* **Records**
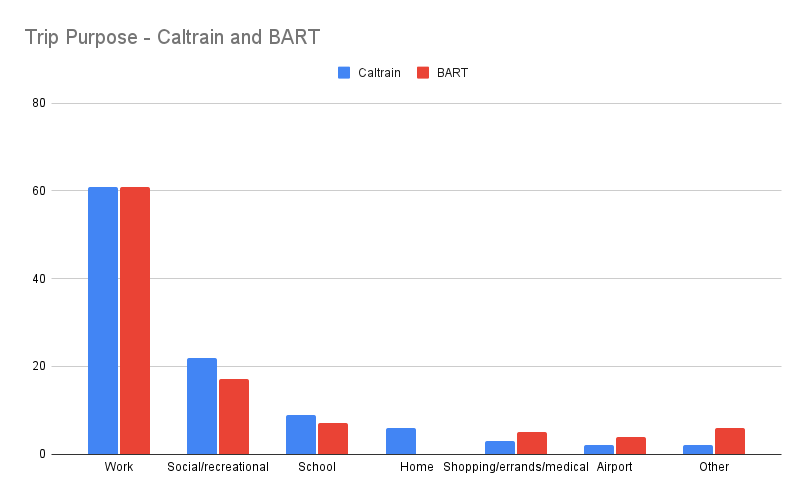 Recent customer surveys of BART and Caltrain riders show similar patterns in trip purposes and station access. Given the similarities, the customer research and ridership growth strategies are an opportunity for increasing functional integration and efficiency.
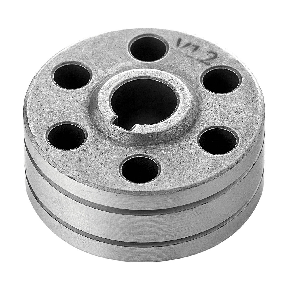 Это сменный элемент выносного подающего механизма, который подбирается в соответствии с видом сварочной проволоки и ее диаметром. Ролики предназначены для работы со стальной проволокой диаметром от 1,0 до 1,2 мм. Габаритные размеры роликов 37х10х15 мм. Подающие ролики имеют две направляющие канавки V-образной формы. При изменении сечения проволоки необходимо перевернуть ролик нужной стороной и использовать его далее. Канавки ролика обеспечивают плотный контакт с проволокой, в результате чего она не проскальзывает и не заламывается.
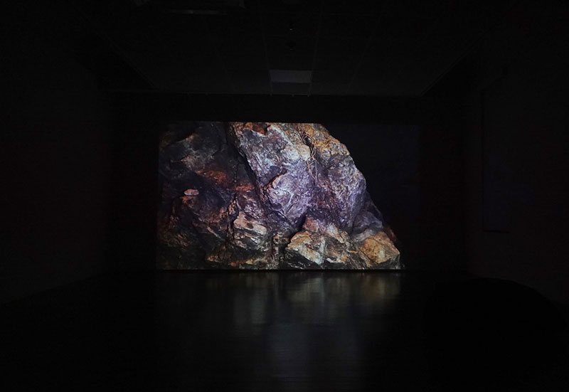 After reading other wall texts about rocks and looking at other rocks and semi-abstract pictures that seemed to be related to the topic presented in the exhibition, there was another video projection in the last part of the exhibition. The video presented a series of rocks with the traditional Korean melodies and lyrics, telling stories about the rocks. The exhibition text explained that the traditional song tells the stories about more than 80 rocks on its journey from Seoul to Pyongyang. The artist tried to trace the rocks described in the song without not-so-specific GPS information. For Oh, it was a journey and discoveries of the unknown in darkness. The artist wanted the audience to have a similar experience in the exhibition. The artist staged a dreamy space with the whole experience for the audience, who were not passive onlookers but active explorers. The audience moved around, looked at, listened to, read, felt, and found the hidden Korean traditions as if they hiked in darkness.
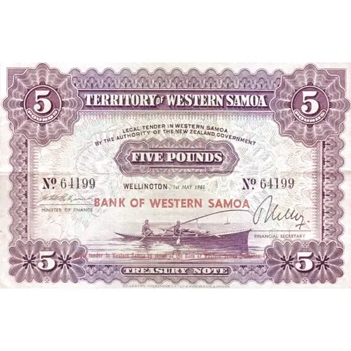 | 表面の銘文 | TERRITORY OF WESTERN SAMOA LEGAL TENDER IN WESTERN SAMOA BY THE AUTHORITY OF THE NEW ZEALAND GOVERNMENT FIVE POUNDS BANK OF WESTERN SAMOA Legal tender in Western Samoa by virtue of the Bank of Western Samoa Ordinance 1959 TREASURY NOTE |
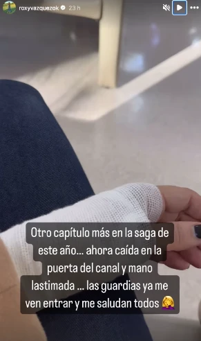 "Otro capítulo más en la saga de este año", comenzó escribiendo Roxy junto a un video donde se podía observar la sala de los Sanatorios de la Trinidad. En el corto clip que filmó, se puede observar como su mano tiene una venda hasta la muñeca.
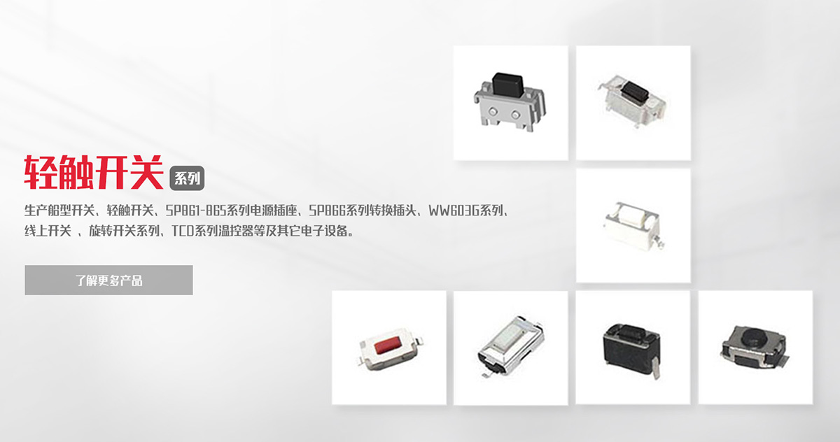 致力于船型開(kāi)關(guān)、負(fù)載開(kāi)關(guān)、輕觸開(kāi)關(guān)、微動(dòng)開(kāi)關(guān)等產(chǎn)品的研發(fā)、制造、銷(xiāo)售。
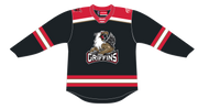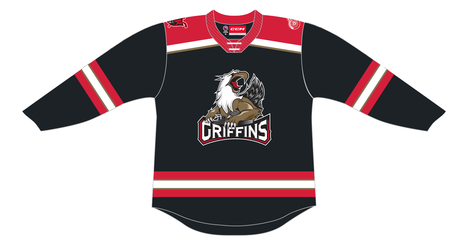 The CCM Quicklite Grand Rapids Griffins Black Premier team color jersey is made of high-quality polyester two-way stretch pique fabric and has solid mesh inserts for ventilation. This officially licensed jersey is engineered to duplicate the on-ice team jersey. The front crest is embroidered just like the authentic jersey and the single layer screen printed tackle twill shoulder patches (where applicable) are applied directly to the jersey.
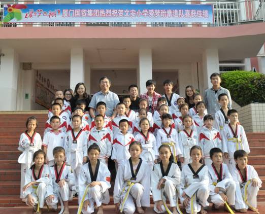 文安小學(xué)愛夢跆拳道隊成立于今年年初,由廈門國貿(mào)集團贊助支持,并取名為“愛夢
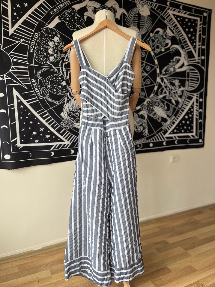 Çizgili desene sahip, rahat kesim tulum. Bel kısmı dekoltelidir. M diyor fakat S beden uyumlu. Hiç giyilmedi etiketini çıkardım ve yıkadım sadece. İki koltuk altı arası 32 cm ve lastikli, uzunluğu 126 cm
...
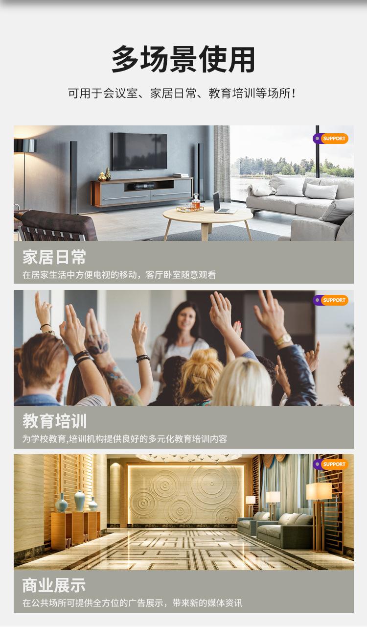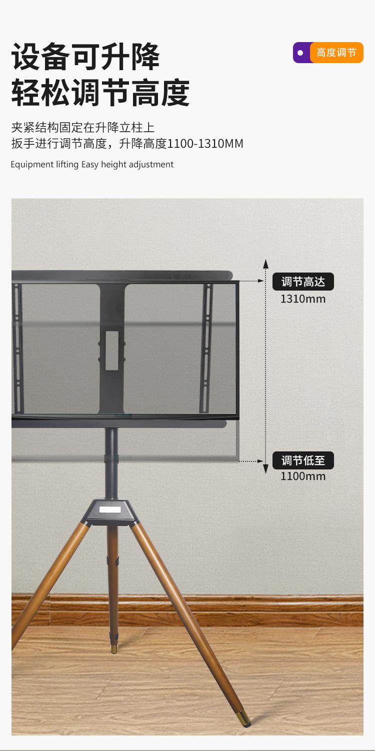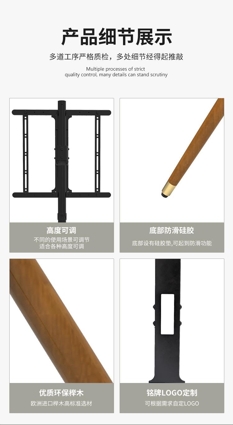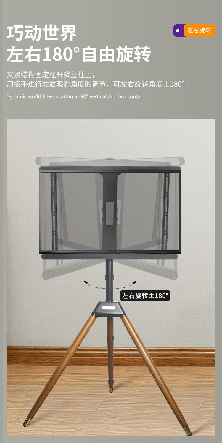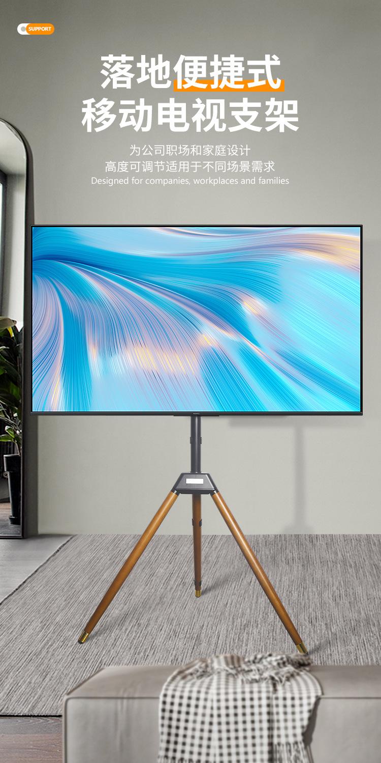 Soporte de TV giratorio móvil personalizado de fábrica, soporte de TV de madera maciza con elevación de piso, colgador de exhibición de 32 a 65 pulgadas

* **Activity**
A clean copy is needed of the lines in the listing above from the one with "The CCM Quicklite" through the one with "Çizgili desene sahip, rahat", exact in every word and free of pictures.

* **Solution for this exercise**
 The CCM Quicklite Grand Rapids Griffins Black Premier team color jersey is made of high-quality polyester two-way stretch pique fabric and has solid mesh inserts for ventilation. This officially licensed jersey is engineered to duplicate the on-ice team jersey. The front crest is embroidered just like the authentic jersey and the single layer screen printed tackle twill shoulder patches (where applicable) are applied directly to the jersey.
 文安小學(xué)愛夢跆拳道隊成立于今年年初,由廈門國貿(mào)集團贊助支持,并取名為“愛夢
 Çizgili desene sahip, rahat kesim tulum. Bel kısmı dekoltelidir. M diyor fakat S beden uyumlu. Hiç giyilmedi etiketini çıkardım ve yıkadım sadece. İki koltuk altı arası 32 cm ve lastikli, uzunluğu 126 cm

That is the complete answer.